Escuchados en indagatoria, entre otros, Nelson Lesmes Leguizamón, Wilson de Jesús Pérez Durán, Carlos Alberto Yepes Londoño y Marceliano Panesso Ocampo, se les resolvió la situación jurídica, el 31 de marzo y el 5 de junio de 1995, con medida de aseguramiento de detención preventiva, por los delitos de secuestro extorsivo, homicidio agravado (contemplados en el Decreto 100 de 1980) y transgresión del artículo 2° del Decreto 1194 de 1989, elevado a legislación permanente por el artículo 6° del Decreto 2266 de 1991.
Después de allegarse otros medios de prueba y de vincularse a la investigación a Alonso de Jesús Baquero Agudelo y a Luis Alberto Arrieta Morales, un Fiscal de la Unidad Nacional de Derechos Humanos de Bogotá, que ya conocía del diligenciamiento, el 29 de enero de 1996, clausuró la instrucción de manera parcial, pues solo comprendió los cuatro primeros procesados citados.
El 7 de marzo siguiente calificó el mérito del sumario, así:
1. Acusó a Nelson Lesmes Leguizamón por el concurso de delitos de homicidio agravado y secuestro extorsivo.
2. Acusó a Marceliano Panesso Ocampo y a Carlos Alberto Yepes Londoño por los delitos de homicidio agravado, secuestro extorsivo y violación del artículo 2° del Decreto 1194 de 1989.

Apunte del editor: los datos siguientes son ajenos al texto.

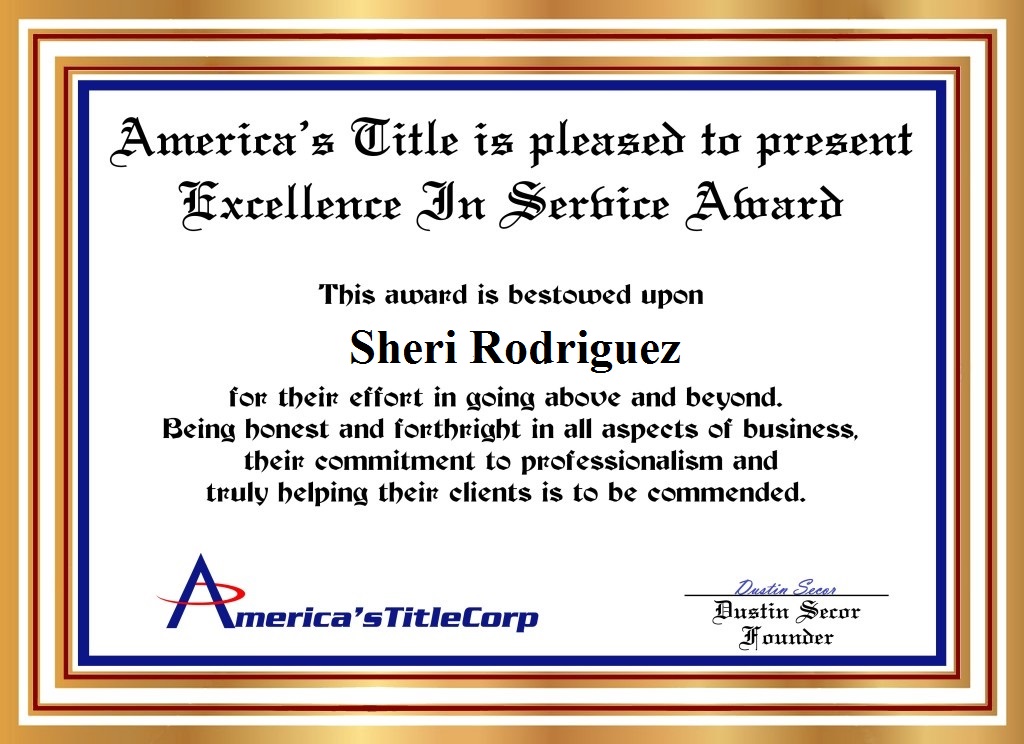 We are pleased to provide the Sheri Rodriguez review for you and recognize Sheri Rodriguez as the recipient of America’s Title’s:

3. Finalmente, acusó a Wilson de Jesús Pérez Durán por infracción del artículo 2° del Decreto 1194 de 1989.
Apelada la anterior decisión, la Unidad de Fiscalía Delegada ante el Tribunal Nacional, el 23 de mayo de 1996, la confirmó.
El expediente pasó a un Juzgado Regional de Cúcuta que, después de tramitar el juicio, el 28 de mayo de 1997, dictó la sentencia de primera instancia, con los siguientes resultados:
1. Condenó a Nelson Lesmes Leguizamón a la pena principal de 30 años de prisión, a la accesoria de interdicción de derechos y funciones públicas por el lapso de 10 años y al pago de los daños y perjuicios, como coautor de diecinueve delitos de homicidio agravado y el mismo número de secuestros extorsivos.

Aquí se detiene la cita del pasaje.